Now that I’m 6 weeks in, I’m feeling all the familiar aches in my thighs and glutes. My calves ache too, but not nearly as much. I keep going back and forth about working out on the weekends or taking a break but, I know the proper answer is to work out every day. I get a serious case of the dunwannas on weekends; especially if I have to work.
Thankfully, this bad habit hasn’t had an adverse effect on my progress. I’m still trending down in my weight and if this keeps up, I’ll be under 220 before the end of the month! Maybe, if I play my cards right, under 200! But I don’t wanna set myself up for failure by making promises. Just keeping positive.
Sam is just adorable. I love how hyped he is about LARPing and any other assorted nerdy stuff.
Anyway, this run had two 10-minute sprints during which I had to remind myself AGAIN that I’ve done 20-minute sprints and not to give up halfway through for an extra break. Who needs a break when you have the pride of finishing a long run?

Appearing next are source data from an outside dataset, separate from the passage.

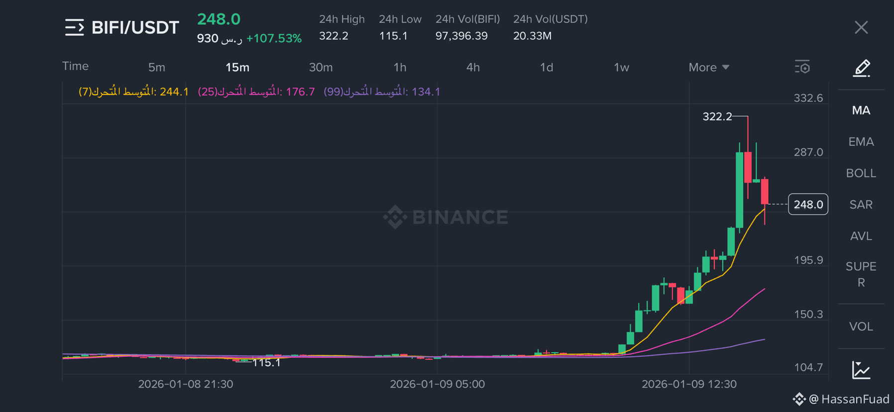 خلال وقت قصير، نجحت BIFI في جذب أنظار السوق بحركة سعرية قوية وغير معتادة ارتفاع سريع، أحجام تداول مرتفعة، وزخم واضح أعاد العملة إلى دائرة الاهتمام من جديد.
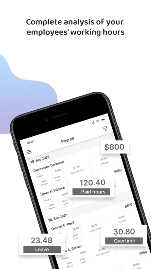 * Safe data storage and detailed time log to protect you against labor disputes and audits
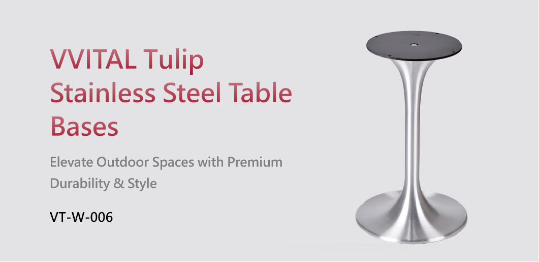 Upgrade your commercial or residential outdoor setting with the VVITAL Tulip Stainless Steel Table Base (Model VT-W-006). Crafted from premium heavy-duty 304 stainless steel, this sleek tulip-shaped base delivers exceptional corrosion resistance against rain, humidity, and coastal environments, ensuring decades of reliable performance with near-zero maintenance.
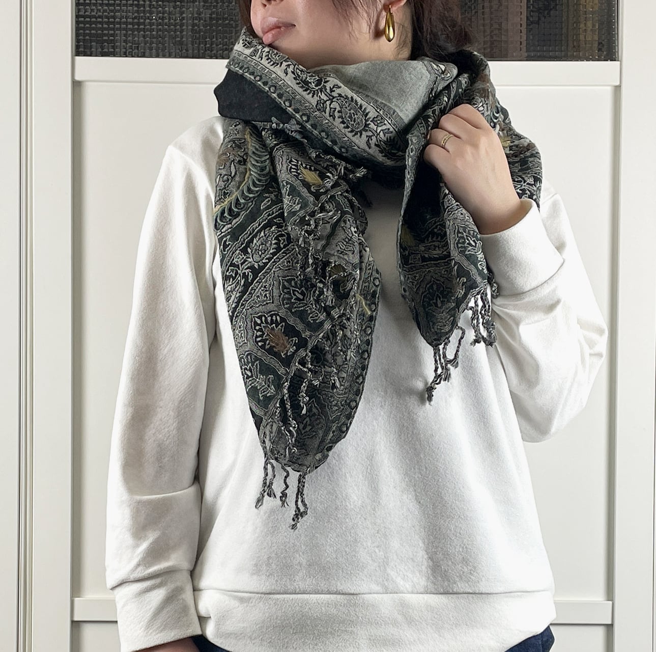 スタイルを引き立てる手刺繍デザインが魅力的なボイル(圧縮)ストールです!
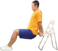 後ろ向きで椅子に手をつき、両足を揃え、膝を伸ばして、手と踵で体重を支え、バランスをとります。この時、体が一本の線にならないように、少し腰を下に落とします。(上体と脚がL字を描くようにします) |

Me. I wanted a break. My muscles hate me.
But I made it through; making me realize I’m neglecting an important part of this process: Stretching.
I usually finish whatever workout I picked; jump in the shower, then get right to work on writing (yes, more reviews and stories are forthcoming). This is just to maximize whatever time I have left in the night to hit my rather lofty sales goals. But the cramps, mostly in my calves, are not fun. Those are not good pain, just PAIN pain. Way back in the stone ages when I was taking Karate, stretching was pretty damn important. Like with the weight training, I’ll need to make time for that.
I like to have a few episodes ready to go in a season before I start it and it was worth the wait. I do have entirely too much emotional investment in this story.
This is the point in the C25K saga where the intervals get longer and longer. I can already feel my legs aching more but it’s a good kind of pain. Progress type pain.
In terms of my diet… I went off the rails over the weekend. I didn’t wanna cook so I ordered a bunch of food. I knew the Sandexa would keep me from any sort of overeating (no really, I get full SO fast) so, I could indulge a little – I needed some baked ziti in my life – and have plenty of leftovers to work on later.
I haven’t lost more weight yet but I’m sure that will come eventually.
On my days off, I like to go back to my lockdown habit of getting up and immediately putting on running gear to make myself workout first thing instead of waiting until the evening.
I also figured out what’s the deal with skipping weight workouts. Something in my head equates a “proper” workout with tons of movement and sweating – high cardio – and not laying on the ground with weights doing crunches. I have the cardio = weight loss idea in my head and think that it’s the only way to get to my goal when it’s not. Building muscle is important, too.
I started Saxenda on April 29th and since then, I have gone from 230 pounds to 225 pounds. This is about a pound or so a week. I am cautiously optimistic about this but I am withholding celebrations until I’m out of the 200 club. When I’m under 200 pounds and stay there, I’ll feel like I really accomplished something.
I don’t have any other metric because I didn’t think to take my measurements until 2 weeks into the meds. Didn’t take a picture, either. For the same reason I’m not celebrating the 5 pound loss:
I’ve been at this weight loss thing since… Shit, I’ve been trying to lose weight since high school when a couple little shits decided it would be cute to oink at me when I walked by. My lowest weight was 179 and then I got pregnant. I’ve been trying to get back to 179 since then and haven’t been able to. I’ve avoided a lot of talking about it since I didn’t want to end up another Amberlynn Reid. My blog is monetized after all and weight loss is a hot keyword. It’s fair for someone to assume I’m in this to make money off my story.
If you saw how little I make from ads you’d realize that’s not the case but, I can see the thought process.
To sum up, I am hopeful but diligent.
And no, oinking at me and ridiculing me did not motivate me to lose weight. It made me feel bad my progress was slow and I’d give up. Don’t do that to people, guys. It’s not helpful.